I can testify that this is mood or state that that blows through one during the first year after death. As a person who has been bereaved and is still sorting it out, I find the personal accounts – my story, your story – to be where the comfort is. I’ve noticed this both in the bereavement group I’ve attended and in the variety of books I’ve read. When I am in group and it’s being run ineptly, the facilitator is droning on about some statistical or anecdotal fact of grieving. It’s not comforting. It’s a display. When the group speaks and stories are told, there is resonance.

When I consider Fatherloss, my last piece of reading research. I cannot say it was not informative. But it wasn’t moving or comforting.

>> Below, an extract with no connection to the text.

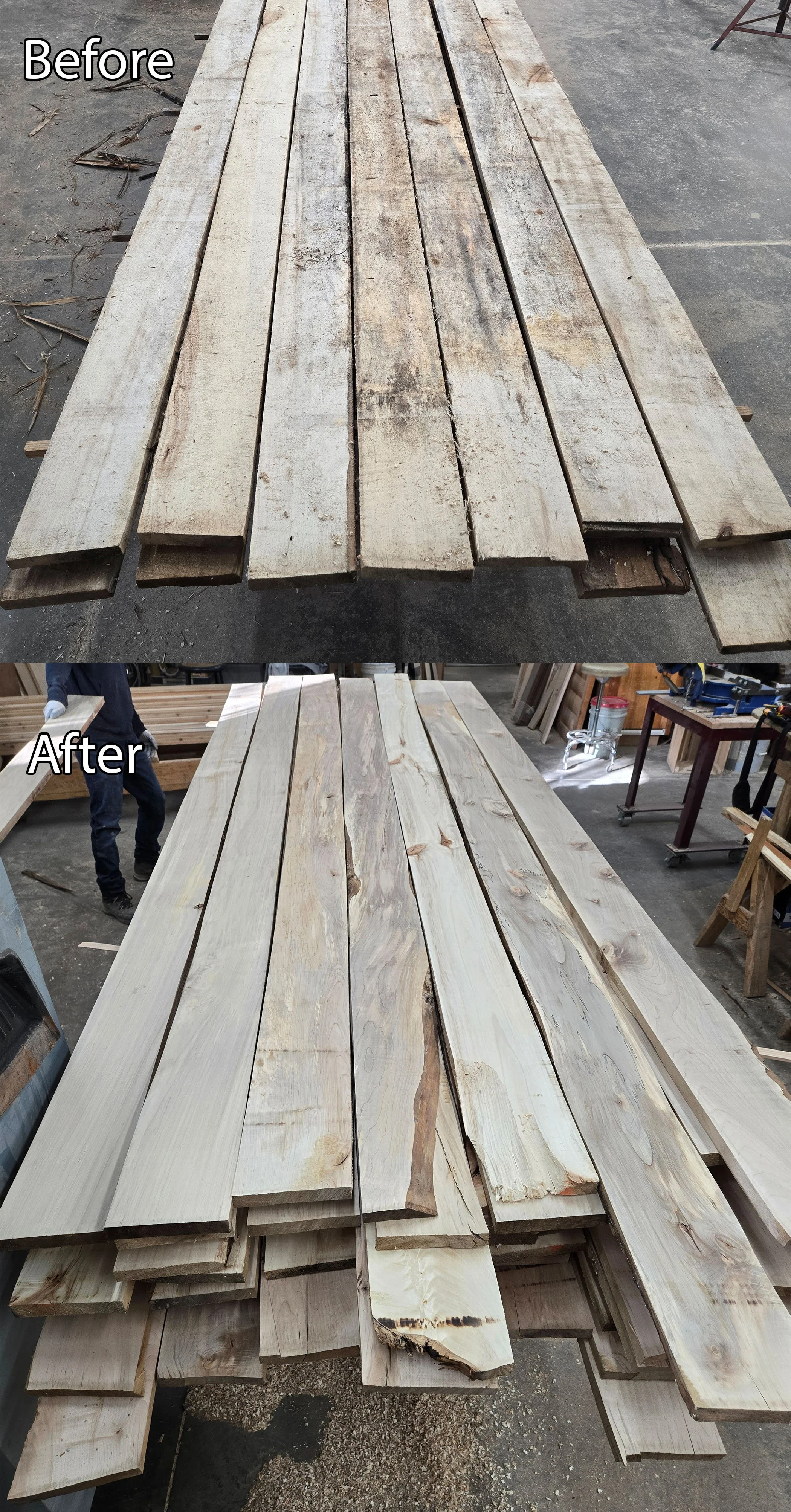 Customers wood. Kiln dried and planed. After this it was turned into paneling, end matched, and finished.

The author came between me and the stories of his subjects by focusing more on his interpretation of them than letting them speak for themselves. And percentages of this type of loss and that type of response are valuable but not for those who’ve actually had the loss and are looking for consolation.

Something I need to bear in mind as I start shooting. Bereaving is like filmmaking: It’s more important to follow the river of feeling than the trail of facts.

Production Diary: the Secret Maps

Finished up Widower and am now a quarter of the way through Fatherloss.   I enjoyed Widower so much…or at least can say I found it moving and informative.  I think this is because the interviews in the book preserved the voices of the men as they relayed their stories and experiences.   The author let them tell their own stories straight from their own mouths.   All the different voices and personalities came through.  (For me, it was just like going to bereavement group!)

Fatherloss, however, draws on the interviews of 376 different men and Neil Chetchik, the author, paraphrases all the interview.   The first-hand words of the subjects are only referenced in pull quotes here and there.   (Chetchik bills himself as an “Expert on Men” which seems like a mighty inflated claim.  Maybe that’s why he doesn’t let his subjects talk!)

What is nice about Fatherloss so far is the sprinkling of stories of public figures dealing with father loss as a way to introduce new segments.  For example, JFK Jr. who lost his father before he had any memory of him experienced one kind of grief.   Someone like Michael Jordan, whose father died when he was thirty had a very different kind of grief.  (e.g.  He instantly lost all interest in basketball and took up baseball to fulfill what he thought was his father’s wish.)   These narratives are ones with which we are all vaguely familiar but they take on a new dimension when viewed through the loss of their fathers.

I’m still hoping to find some good research material on men’s grief in relation to the loss of a mother.   No one has written a book about this it seems.  Some kind of taboo maybe?  If it’s still considered awkward and/or verboten for a man to experience prolonged grief at all, I guess it’s even more forbidden for a man to be grieving his “mommy” in any on-going way.

Also, still looking for some meaningful material on sibling loss for men.  As one blogger I came across noted:

I have actually found more support for people who are grieving the loss of a pet, than I have for people who have lost a brother or a sister.

In my experience, sibling loss definitely gets low ratings on the empathy and attention meter.  What would have been my sister’s 51st birthday passed recently.   Even though I was my sister’s caretaker, health care proxy, power of attorney, etc. etc., even though I’m the one who planned the funeral and cleaned up her business, all the calls of remembrance, every single one, went to my mother.